= Yao's test =

Cryptographical test for pseudo-randomness

In cryptography and the theory of computation, Yao's test is a test defined by Andrew Chi-Chih Yao in 1982, against pseudo-random sequences. A sequence of words passes Yao's test if an attacker with reasonable computational power cannot distinguish it from a sequence generated uniformly at random.

== Formal statement ==

=== Boolean circuits ===
Let $P$ be a polynomial, and $S=\{S_k\}_k$ be a collection of sets $S_k$ of $P(k)$-bit long sequences, and for each $k$, let $\mu_k$ be a probability distribution on $S_k$, and $P_C$ be a polynomial. A predicting collection $C=\{C_k\}$ is a collection of boolean circuits of size less than $P_C(k)$. Let $p_{k,S}^C$ be the probability that on input $s$, a string randomly selected in $S_k$ with probability $\mu(s)$, $C_k(s)=1$, i.e.

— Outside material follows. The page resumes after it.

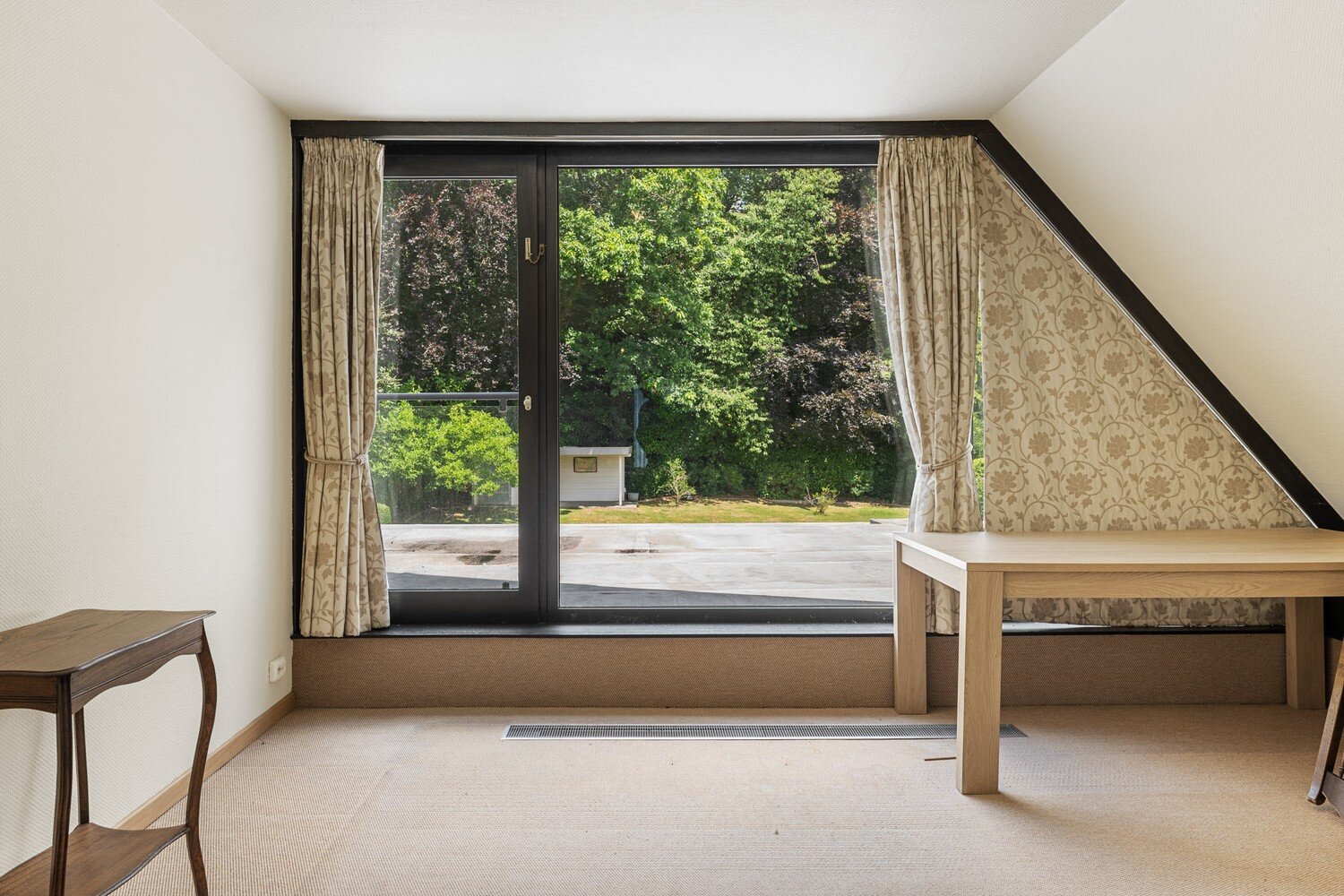 Op het gelijkvloers bevindt zich verder nog een aparte bureauruimte, een eerste slaapkamer met dressing en ensuite badkamer, voorzien van bad, inloopdouche, dubbele lavabo en toilet. Daarnaast is er ook een praktische bergruimte.

$p_{k,S}^C={\mathcal P}[C_k(s)=1 | s\in S_k\text{ with probability }\mu_k(s)]$

Moreover, let $p_{k,U}^C$ be the probability that $C_k(s)=1$ on input $s$ a $P(k)$-bit long sequence selected uniformly at random in $\{0,1\}^{P(k)}$. We say that $S$ passes Yao's test if for all predicting collection $C$, for all but finitely many $k$, for all polynomial $Q$ :

$|p_{k,S}^C-p_{k,U}^C|<\frac{1}{Q(k)}$

=== Probabilistic formulation ===
As in the case of the next-bit test, the predicting collection used in the above definition can be replaced by a probabilistic Turing machine, working in polynomial time. This also yields a strictly stronger definition of Yao's test (see Adleman's theorem). Indeed, one could decide undecidable properties of the pseudo-random sequence with the non-uniform circuits described above, whereas BPP machines can always be simulated by exponential-time deterministic Turing machines.